> [EXERCISE BRIEF] A faithful copy is required of the lines from the top of the entries through the line that contains "2017年,是碧桂园辉煌的一", both included, with no pictures.

____________

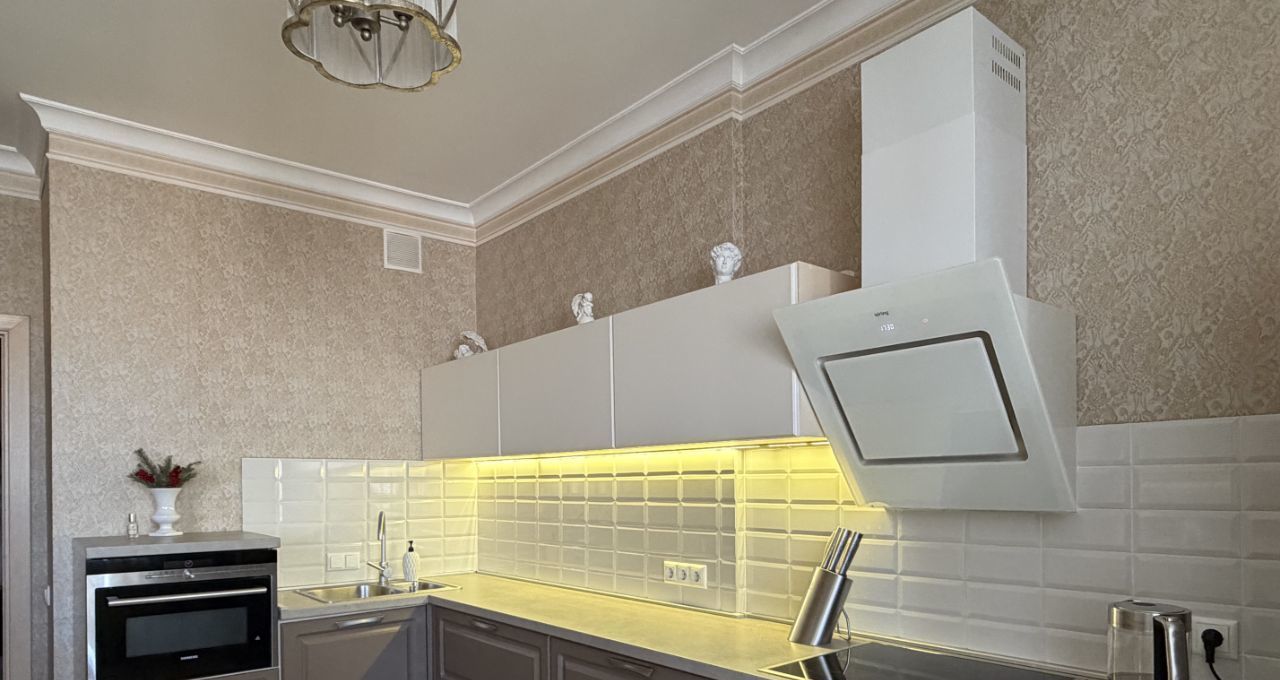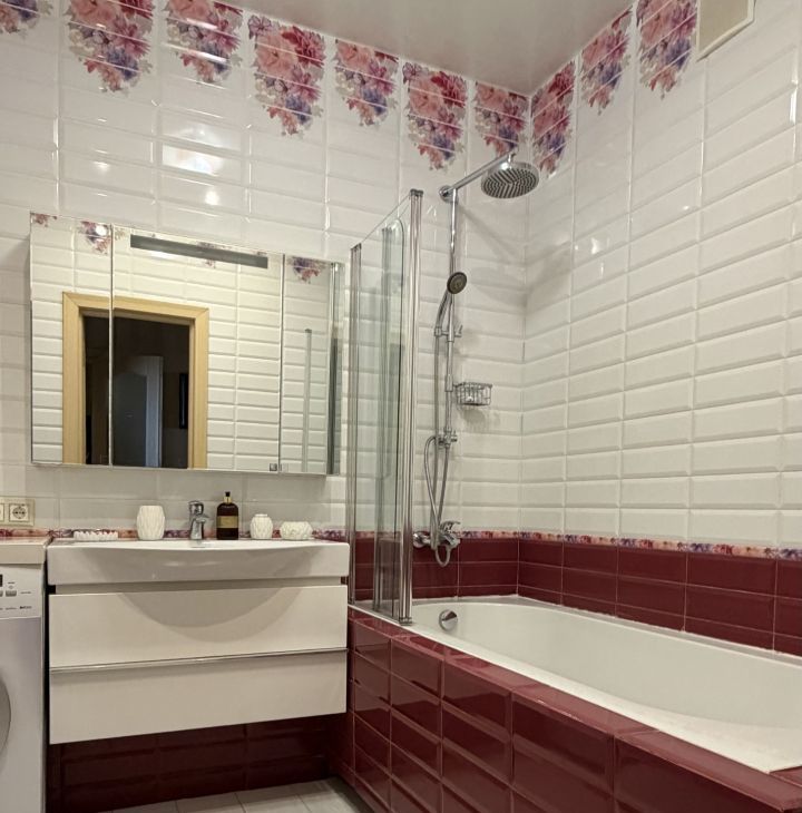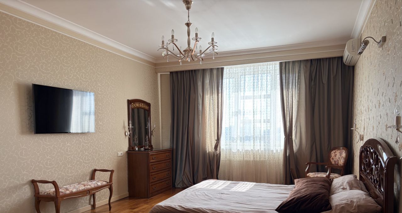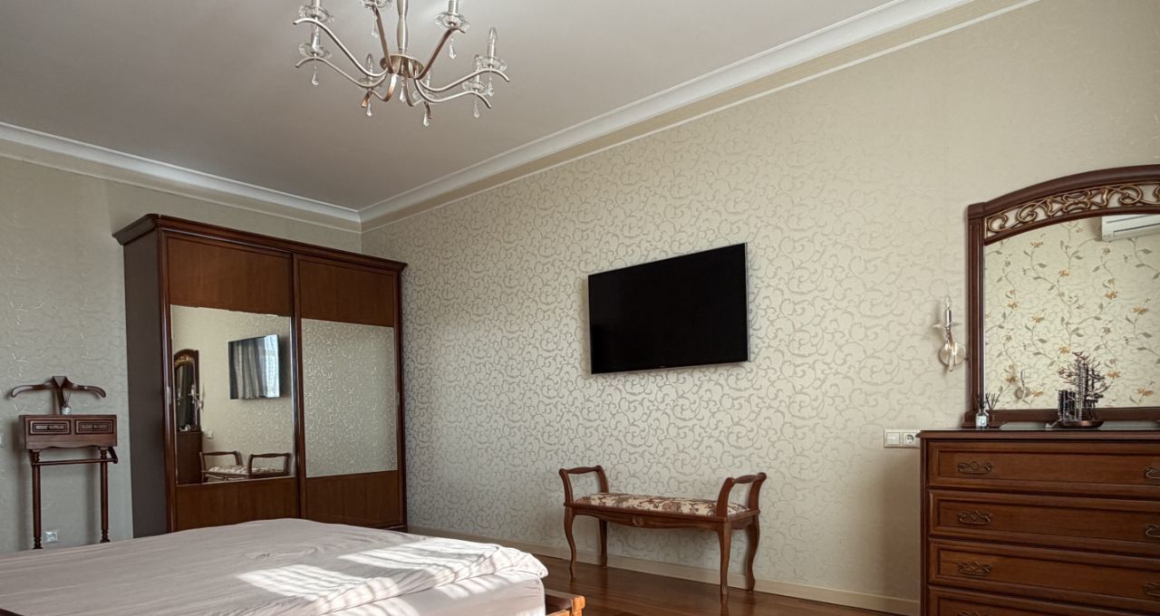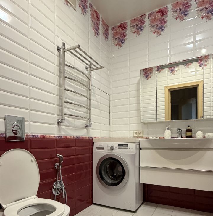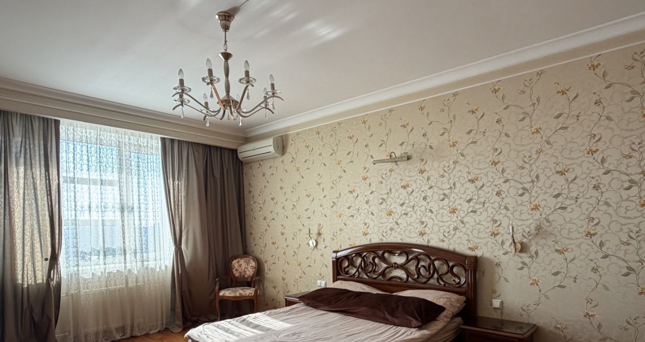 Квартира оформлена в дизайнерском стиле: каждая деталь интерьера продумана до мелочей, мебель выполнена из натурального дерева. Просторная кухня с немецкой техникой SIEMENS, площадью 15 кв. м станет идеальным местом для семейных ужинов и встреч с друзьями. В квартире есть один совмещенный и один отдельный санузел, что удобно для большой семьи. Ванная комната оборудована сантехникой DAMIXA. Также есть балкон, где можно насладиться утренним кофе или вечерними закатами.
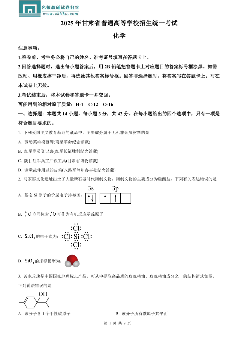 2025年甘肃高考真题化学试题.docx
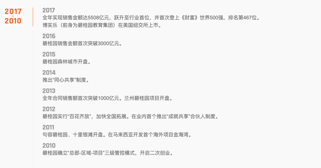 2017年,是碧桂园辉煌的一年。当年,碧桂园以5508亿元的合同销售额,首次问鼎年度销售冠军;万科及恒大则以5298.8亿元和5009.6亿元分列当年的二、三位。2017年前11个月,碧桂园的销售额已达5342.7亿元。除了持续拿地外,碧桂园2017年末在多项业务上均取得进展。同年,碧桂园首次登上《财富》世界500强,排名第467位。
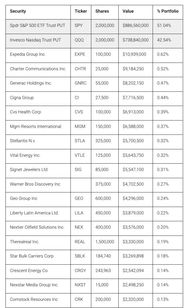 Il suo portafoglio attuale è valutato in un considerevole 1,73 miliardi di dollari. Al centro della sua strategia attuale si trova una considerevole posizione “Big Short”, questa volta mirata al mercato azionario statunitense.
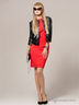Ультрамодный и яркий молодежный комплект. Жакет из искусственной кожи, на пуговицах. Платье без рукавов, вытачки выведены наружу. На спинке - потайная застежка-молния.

____________

> [ANSWER TO THIS EXERCISE]
 Квартира оформлена в дизайнерском стиле: каждая деталь интерьера продумана до мелочей, мебель выполнена из натурального дерева. Просторная кухня с немецкой техникой SIEMENS, площадью 15 кв. м станет идеальным местом для семейных ужинов и встреч с друзьями. В квартире есть один совмещенный и один отдельный санузел, что удобно для большой семьи. Ванная комната оборудована сантехникой DAMIXA. Также есть балкон, где можно насладиться утренним кофе или вечерними закатами.
 2025年甘肃高考真题化学试题.docx
 2017年,是碧桂园辉煌的一年。当年,碧桂园以5508亿元的合同销售额,首次问鼎年度销售冠军;万科及恒大则以5298.8亿元和5009.6亿元分列当年的二、三位。2017年前11个月,碧桂园的销售额已达5342.7亿元。除了持续拿地外,碧桂园2017年末在多项业务上均取得进展。同年,碧桂园首次登上《财富》世界500强,排名第467位。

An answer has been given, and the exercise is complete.